Serious legal risks lie ahead for the 21 young plaintiffs who are pushing forward in court after losing their ambitious climate change lawsuit against the federal government.
A three-judge panel for the U.S. Court of Appeals for the Ninth Circuit on Jan. 17 blocked the litigants from moving ahead with claims that federal policies enabled and accelerated global temperature rise, ruling 2-1 that the judicial branch simply lacks power to fix the issue.
The Juliana v. United States plaintiffs quickly vowed to ask the Ninth Circuit to reconsider the case en banc, before a larger group of judges.
“Much like the civil rights cases, we firmly believe the courts can vindicate our constitutional rights and we will not stop until we get a decision that says so,” 12-year-old Florida resident Levi Draheim, one of the plaintiffs, said in a statement after the ruling.
But many legal experts say the circuit court is unlikely to revisit the decision and warn a trip to the Supreme Court would be too risky.
“The general rule, of course, is you don’t want an adverse Supreme Court decision, and it’s as simple as that,” said Foley Hoag LLP attorney Seth D. Jaffe, who tracks environmental litigation across the country. “They’re going to lose before the Supreme Court, almost certainly, so why take the chance?”
Supreme Court Danger
The prospect of the so-called kids’ climate case ultimately reaching the Supreme Court causes anxiety for many environmental lawyers.
The recent opinion from the Ninth Circuit panel was confined to narrow issues. The majority didn’t make any sweeping pronouncements about the validity of climate litigation in general. It zeroed in on part of a test for legal standing: whether the court had the power to address the government behavior the plaintiffs had challenged.
Experts say a trip to the Supreme Court—if one side successfully persuades the justices to get involved after the Ninth Circuit is done with the case—would likely prove much more damaging to the plaintiffs, and the environmental movement.
Case Western Reserve University law professor Jonathan H. Adler warned that “the possibility that a decision would say or do something that is broader and that precludes a wider range of climate litigation is very real.”
“The real danger is inviting the conservative majority to start pronouncing about standing doctrine,” said Robert Percival, a University of Maryland law professor who follows environmental cases at the Supreme Court.
Conservatives have long sought to tighten standing requirements for citizen suits in which there is a more attenuated link between a polluter’s action and harm to a plaintiff.
Percival and Ann Carlson, a law professor at University of California at Los Angeles, said some justices could view a Juliana petition as an opportunity to reel in precedents that made it easier for environmental litigants to get to court, including the landmark Massachusetts v.
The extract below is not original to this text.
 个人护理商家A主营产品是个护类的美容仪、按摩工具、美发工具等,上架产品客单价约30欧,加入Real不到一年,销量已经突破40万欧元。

EPA climate case in 2007 and the 2000 water pollution case Friends of the Earth v. Laidlaw.
“That’s a huge risk,” Carlson said. “Then you could get a precedent that really affects other environmental cases.”
Rolling the Dice?
Still, it’s unclear whether the justices would agree to take up a future petition for review. If the Ninth Circuit declines to rehear the case, and the young plaintiffs file a Supreme Court petition, the justices could also decline to hear the case, leaving intact the narrow panel decision.
On the other hand, said Foley Hoag’s Jaffe, the court’s liberal wing could vote to hear the case if they thought the benefits of a public airing outweighed the risks of unfavorable precedent for environmental litigants.
“‘Well, is it worth it to put my colleagues on record as condemning the planet to destruction?’” Jaffe said, musing about the justices’ potential calculus.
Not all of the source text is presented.